The taxpayer also asserts that the statute is unconstitutional because of the allegedly arbitrary fixing of the amount to be paid as the last amount finally determined to be due, arguing that this fails to take into account the possibility of a drastic reduction in property value caused, for example, by a tornado, or the possibility of a millage rollback. 1 The taxpayer points out that the injury caused by use of this allegedly arbitrary figure is exacerbated by the statute's failure to provide for interest to be paid on the excess payment, if any. Again, however the taxpayer lacks standing in this instance. The record before this court shows that the taxpayer protested the 1976 valuations of certain of its properties. Nothing in this record, or for that matter in the briefs, suggests that there was either a mill age rollback or a decrease in valuation applicable to these properties which would cause the amount due in 1976 to fall below the amount due in 1975, even by the taxpayer's calculations. Thus this alleged statutory deficiency has caused this taxpayer no harm, injury, or other adverse effect. Because the taxpayer has failed to show that its 1976 liability would be less than its 1975 liability, neither the fact that the 1975 figure is used or that interest would not be paid on any overpayment harms this taxpayer.

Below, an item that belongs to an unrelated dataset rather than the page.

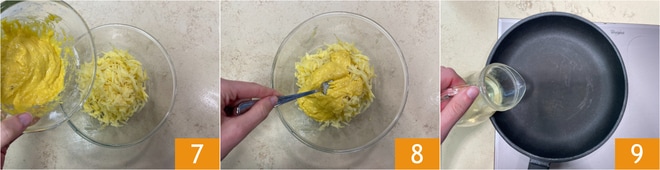 Ajoutez la pâte obtenue aux pommes de terre râpées 7. Mélangez à nouveau pour amalgamer 8. Chauffez bien une poêle puis versez un doigt d'huile de graines 9.

Since the taxpayer lacked standing to challenge the constitutionality of Code Ann. 92-6413 et seq., the superior court properly denied the appeals because the taxpayer's failure to comply with the statute rendered the superior court without jurisdiction. In view of our determination that the superior court correctly ruled that it did not have jurisdiction of the appeals, the taxpayer's additional enumerations of error need not be decided.
Neal L. Conner, for appellees.
1  Millage reductions may occur with some frequency as a result of the imposition of local retail sales and use taxes pursuant to Code Ann. 92-3447a.1.
Gibson, McGee & Blount, Lamar Gibson, for appellant.